The Royal Literary Fund pays professional published writers to work in universities, schools, workplaces and organisations using their skills to support all aspects of writing.
The call came….
“It’s called Doctors in Distress but it’s not just for doctors but any medical personnel”. Okay. Anything else I should know? Like, how distressed are they? I make stuff up for a living – I’m not a therapist.
Turns out I and writer Bernie McGill are being invited to help create a series of four expressive writing workshops to foster well-being. Expressive writing is about self-expression. It helps a person to think about their life and put their thoughts and feelings into words. It is freestyle, personal and emotional writing that is not constrained by concerns about the ‘end result’, or writing conventions such as structure, spelling or grammar. Expressive writing fosters personal awareness, resilience and wellbeing. It can include writing in the form of prose or poetry as well as writing a diary, journal or stream of consciousness writing.
Bernie and I meet on Zoom to discuss the content required. We’re in the middle of the pandemic and are a little giddy to be working with a fellow writer. We decide on the format: ice breaker, warm up, poem, exercise, poem, exercise, possible homework. Any health professional reading this will not be surprised to hear that homework NEVER happened. Stupid idea anyway!
Bernie has an encyclopaedic knowledge of poetry for inspiration and we settle on Dean Atta’s “I come from” as our opening number. It’s a list poem and each line begins: “I come from”. My offering at this stage seems to be the ice breakers and warm-ups – this comes from rehearsals, my favourite place to be, released from my attic into the company of fellow professionals and given permission to play and experiment.
Ok, so we’re all warmed up but now, how serious should our choice of poems be? We don’t want to upset people who are already under huge duress. We decide that if there is emotional baggage being carried, it will come out whatever the material, comedic or not. So let’s stay light. These people are the heroes. They deserve a good time in their 90 minute session. Above all they don’t need any more stress. The responsibility seems enormous and I feel hideously unqualified.
We write and rewrite, challenge and offer. We laugh a lot. By the time week one arrives we’re confident the material is the best we can offer. Whether it works or not is up for grabs. We will be given our participants and supported throughout the sessions by Doctors in Distress’s Susannah Basile, she of the calm voice and wide smile. She will offer help if anyone needs it. Bernie – the canary down this particular mine – does her first session and reports back that it went really well, especially “I Come From”.
The following morning, I meet my online group of around 15 NHS workers. They are men and women of all ages but I don’t know what they do, nor how senior they are, and mostly neither do they as they come from all over the country. We know nothing about each other except that they’ve chosen to be here and I have to hold them through the next 90 minutes so they feel safe enough to explore the images, memories and feelings we all carry around as part of our experience of being alive.
We start with rules of engagement, confidentiality, care and respect for each other and then my reassurance that they can share or not share but here there is no failing, just exploring. We do the warm-up and I join in. I do not know at this point that one of my strengths is not minding making an idiot of myself. I do and feel the tension release just a little.

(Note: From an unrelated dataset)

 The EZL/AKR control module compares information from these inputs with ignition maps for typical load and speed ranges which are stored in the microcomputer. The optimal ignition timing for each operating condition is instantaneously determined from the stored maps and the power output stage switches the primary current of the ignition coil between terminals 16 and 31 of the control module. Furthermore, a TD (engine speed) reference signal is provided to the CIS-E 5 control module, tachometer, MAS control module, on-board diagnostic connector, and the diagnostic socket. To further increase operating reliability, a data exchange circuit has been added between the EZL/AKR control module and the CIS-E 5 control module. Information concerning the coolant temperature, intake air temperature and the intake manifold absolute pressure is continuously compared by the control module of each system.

I bring up the first poem on the screen and read it out. They could read it for themselves of course but some may be dyslexic and find it hard, plus it’s nice to be read to and I get to justify those years at drama school. We talk about what they felt about the poem, then I give them some prompts to write their own list poem. The disclaimers come thick and fast: I haven’t written anything since school, I’m not creative, I’m not a writer.

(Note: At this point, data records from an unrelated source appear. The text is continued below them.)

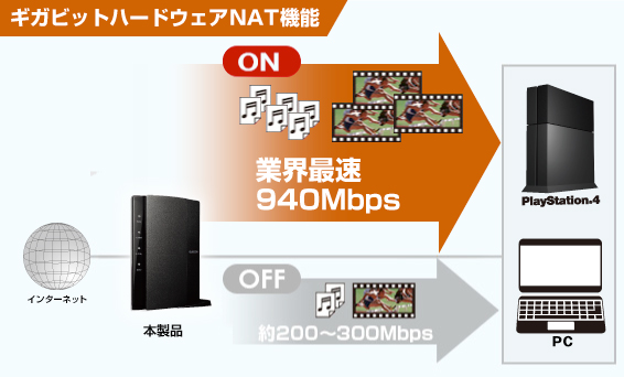 通信をハードウェア処理することができるようになり、インターネットとパソコン・ゲーム機などの間の通信スループットを高速化することができます。
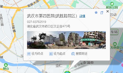 武漢站60米向東北步行 到 武漢火車站 西入口進站18站乘 軌道交通4號線 (柏林方向) 到 鐘家村 E2口 出站2.1公里向北步行 到 武漢市第四醫(yī)院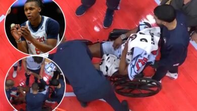 Wizards’ Carlton Carrington exits in wheelchair after hitting head

Just experiment, see what happens. It will be okay.
And so they begin and the stories that emerge are extraordinary. As they share their work, I watch the faces of these 15 strangers and there’s laughter, tears, empathy and often utter incredulity that they could have come up with something so potent.

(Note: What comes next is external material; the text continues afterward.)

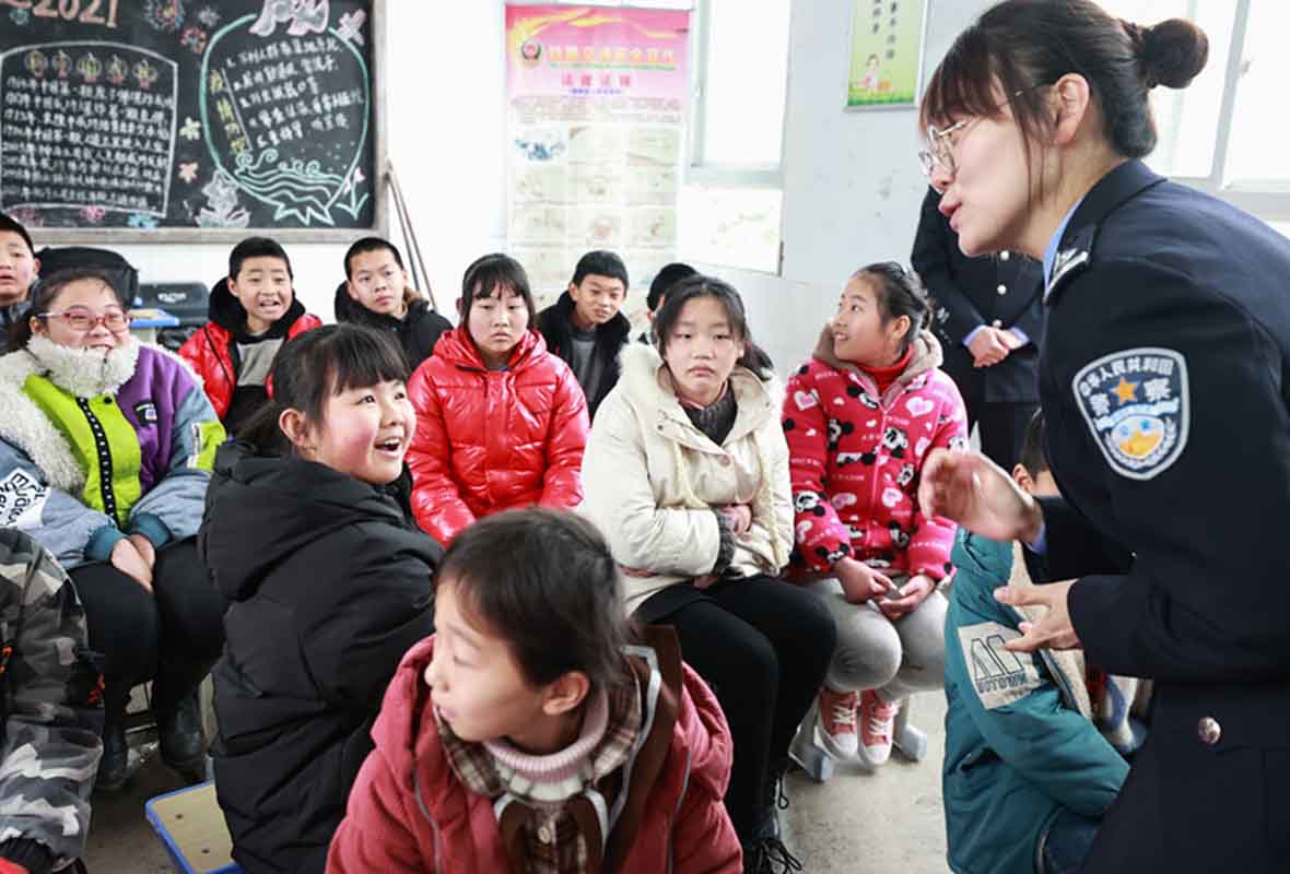 2月22日,民警在课堂上和学生开展互动。胡勇 摄

These are high achieving individuals. Professionally they can’t afford to fail. They are all part of and often lead teams. They have huge responsibilities. But not here, not for this hour and a half. Here they share, play, discover and it seems above all, delight in the words and images they all bring to the group. I ask them to feel free to respond in CHAT. The resulting messages of kindness and support they offer the group are overwhelming. I feel privileged to be in their company. Afterwards Bernie and I meet, discuss what worked well and tweak subsequent sessions. At the end of the four weeks the group don’t want to leave each other so arrange to keep on meeting regularly online. I don’t want to leave either. These remarkable people have moved me deeply. This is the best gig I’ve ever had.